Signal names in the TJ-II database: quadrature signals: 'SinAM', 'CosAM'; frequency ramp: 'Rampa'.
Fluctuation Reflectometer
A fast frequency hopping reflectometer [2] working in the Q-band (33 - 50 GHz) was used from 2004 - 2008 in sector B8 in perpendicular incidence (conventional reflectometry). The system allowed studies of the velocity shear layer in TJ-II [3] and of the radial position of its origin. [4]
Doppler Reflectometer
Since February 2009, the frequency hopping system is in operation in oblique incidence (Doppler reflectometry, sector C6, φ = 337°) [5] , measuring plasma density fluctuation velocities and their wave number spectra.
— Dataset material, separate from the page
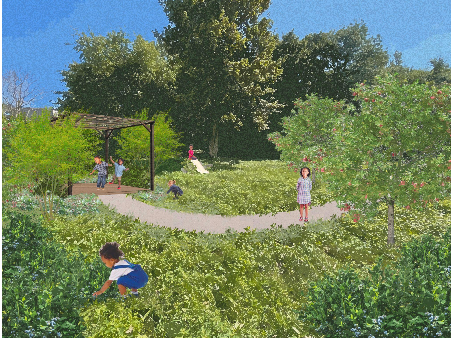
Illustrated Collage of Proposed Design

The system is able to measure in a radial range of about ρ = 0.6 - 0.9 (ρ = r/a is the effective plasma radius) and the perpendicular wavenumber can be selected between k⊥ = 3 and 15 cm-1.
The system consists of a circular choked-corrugated antenna [6] (fabricated by the Antenna Group of the Public University of Navarra, Spain) which emits a microwave beam with a gaussian electric field distribution. The beam is reflected by a steerable ellipsoidal mirror to the plasma. The mirror serves for two purposes: 1) focus the microwave beam (obtaining plane wavefronts) to the region where backscattering takes place and 2) change the angle of incidence between beam and plasma, giving the possibility to select the turbulence scale to be measured.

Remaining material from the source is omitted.